Matthias Duhn, executive director of the European Chamber of Commerce in Vietnam (Eurocham), believed that ratification of the CISG would be an important step for Vietnam, and help it further integrate into the world economy.

“If adopted in Vietnam, the CISG can help both the foreign and the Vietnamese business people to make sales of goods more efficient, and dispute resolution easier,” he said.

For Vietnamese business people in particular, application of the CISG can also help avoiding the risk of being forced into using a legal system that may be completely alien to their own. Therefore, “EuroCham believes that Vietnam’s adoption of the CISG will help making business faster, less expensive and more efficient for Vietnamese businesses and their foreign counterparts,” he said.

Professor Hiroo Sono of Hokkaido University in Japan also agreed with Matthias Duhn’s ideas about benefits for enterprises when Vietnam adopted CISG.

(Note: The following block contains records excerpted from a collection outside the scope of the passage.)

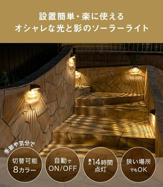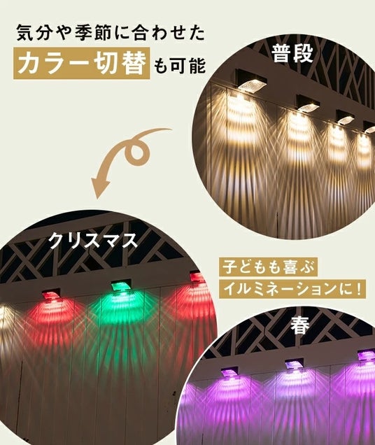 点灯カラー8色・点灯モード3種で気分や季節に合わせたカラー切り替えが可能。クリスマスや春の時期などに合わせて特別なイルミネーションに。
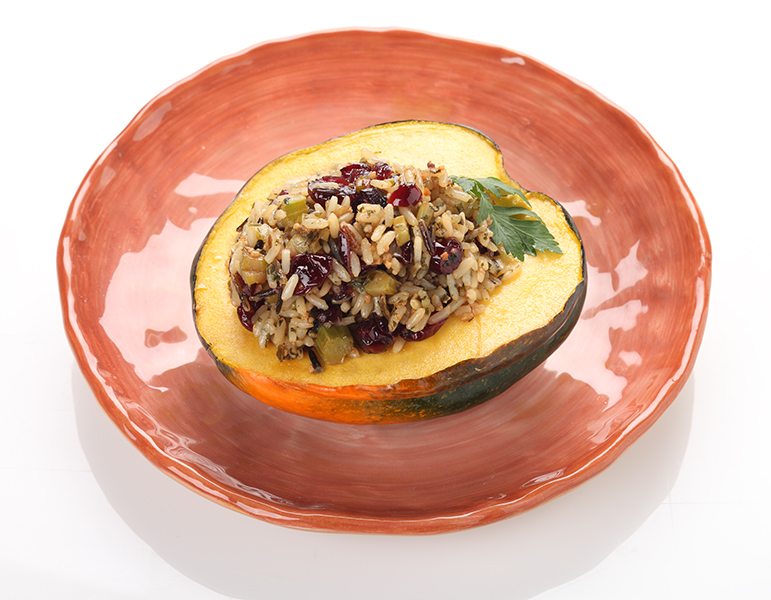 - Heat olive oil in a hot pan and sauté onions, celery and garlic until tender. Remove from pan and place in a large bowl; add the remaining ingredients: fresh thyme, dried cranberries, salt, black pepper, olive oil, balsamic vinegar, maple syrup, as well as the cooked wild rice. Mix to incorporate. Stuff into cooked acorn squash (each will hold about 1/2 cup of stuffing).
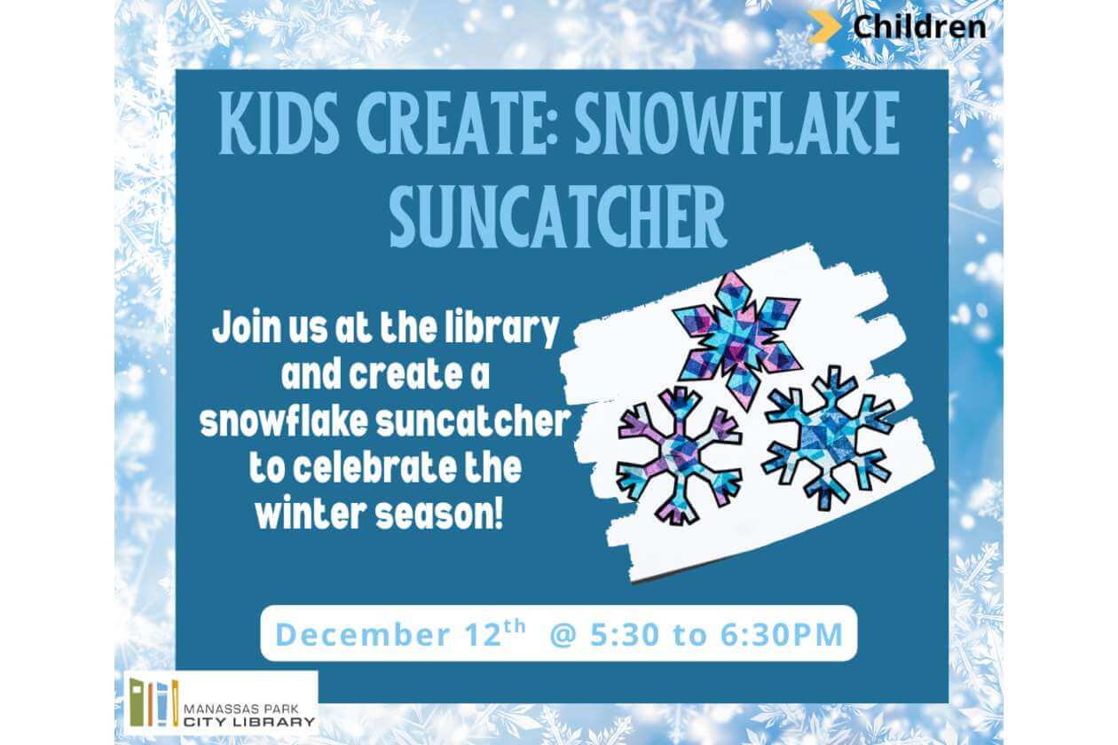 Event December 12, 2025 5:30 pm -6:30 pm Kids Create: Snowflake Suncatcher Manassas Park City Library 100 Park Central Plaza Manassas Park, Virginia 20111 Website Social Join us at the library as we create a snowflake suncatcher to celebrate the winter season! Back to Calendar

Once Vietnam becomes a signatory to the CISG, local enterprises could minimize the complication in disputes arising from contracts with foreign partners in regard of sale and purchase of goods.

In addition, Vietnam’s participation in CISG will reduce costs and time needed to negotiate the applicable law to contract; reduce the difficulty and cost which may incur due to the fact that the applicable law is the law of another country and avoid having to use the conflict rules of private international law to determine the applicable law to contracts.

Experts said that some 90% of Vietnamese enterprises are SMEs, so in the signing of sales contracts with foreign partners, they are often in a passive status as very few of them come to the legal consultant before conducting negotiations. As such, they only seek legal support from consultants once disputes arise.

So joining CISG will help reduce the risks, costs of doing business, and equality in contractual relations in regard of sale and purchase of goods.

Tony Nguyen, CISGVN advisor and general director of EP Legal, said that the seminar was an integral part of the campaign of lobbying Vietnam’s accession to CISG initiated by the CISGVN Study Group.